In the business section of the 12/9/11 edition of the Daily Oklahoman, Karen Rieger, head of a large law firm’s health care practice group is interviewed. She makes some observations that could not be more mistaken. . She states for instance that “consumers should see benefits from closer collaboration between physicians and hospitals in the delivery of health care services. In the past, independent physicians billed on a fee-for-service basis and did not have incentives to provide efficient, high quality care.” I wonder how Ms. Regier’s law practice would change if she were paid a salary by her law firm regardless of the quantity or quality of work she did? Or maybe she thinks that billing a fee for a service is only a bad idea for doctors. It’s the end of a long hard day and a patient calls and is very sick and wants to be seen. The salaried doctor tells them that the office is closed for the day. I’ll see you in two weeks. The greedy “fee for service” doctor tells them to “come on in.” I could go on and on, but her statement is so idiotic I’m boring myself countering it.
Next she discusses the new Shared Savings Program, a part of the wonderful Obamacare fiasco. “Under the program, Medicare will share the savings it realizes from the provision of health care services by groups of physicians, hospitals and providers, called Accountable Care Organizations, to groups of Medicare beneficiaries.” Translation? If doctors and hospitals (probably the doctors’ employer) get together and figure out a way to cheat patients out of their benefits and take the cheapest path on everything, they will make more money. Denying care or only providing the cheapest care will become the order of the day and everyone makes more money and Medicare saves money and WOW isn’t this fabulous! Yeah, unless you are the person called a patient.
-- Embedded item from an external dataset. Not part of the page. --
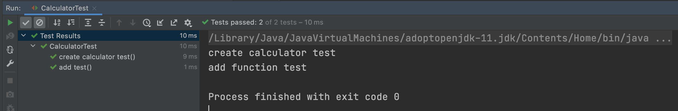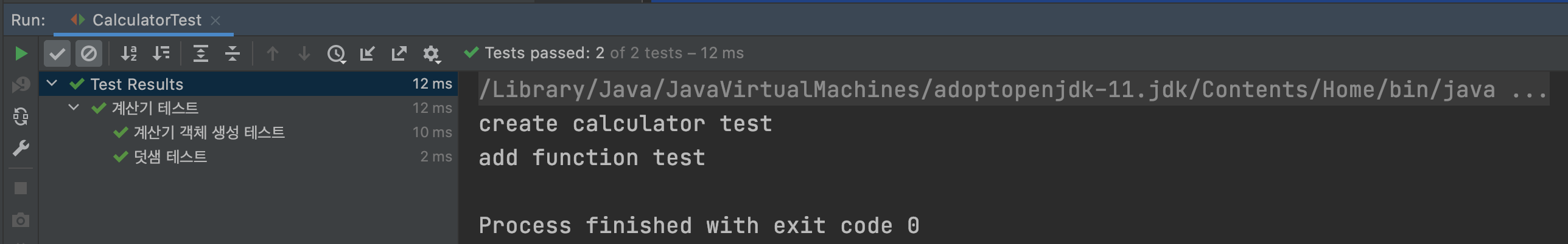 테스트 이름이 @DisplayName에서 지정한대로 출력됨을 확인할 수 있다.
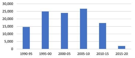 Central Arkansas Net Migration 1990–2020 (Five-Year Intervals)

Finally, Ms. Rieger, saves the ultimate blunder for last. “Direct employment (of physicians) is beneficial because it provides greater collaboration in the delivery of care, minimizes antitrust and other legal risks, reduces the administrative burden on physicians and simplifies the development of integrated electronic medical records systems.” Readers of this blog are familiar with the “great collaboration” between an Oklahoma City hospital and the gastroenterologists they employ. Having found that the age old and tried and true sedation provided by Versed and Demerol not nearly lucrative enough for colonoscopies and other endoscopic procedures, the hospital simply required their employed gastroenterologists to use Propofol sedation. You see, if Propofol is used, an anesthetic is said to have happened. If an anesthetic happens, the hospital can bill an extra $1000. There is also an expense for the anesthesiologist, but let’s not muddy the waters with an extra $400. Let’s just call it an extra $1000. This extra $1000 will help the “return on investment” that the hospital has ”invested” in these doctors they have hired. And since the doctors are employees they must do what they are told. No longer the advocates of the patient or the patient’s pocketbook, these physicians are compromised by this employee arrangement that Ms. Regier calls “beneficial.” Notice also what has happened to the price of a colonoscopy at this hospital by virtue of this “beneficial” arrangement. It is certainly beneficial….to the hospital, working ever so hard each and every day to “not make a profit.”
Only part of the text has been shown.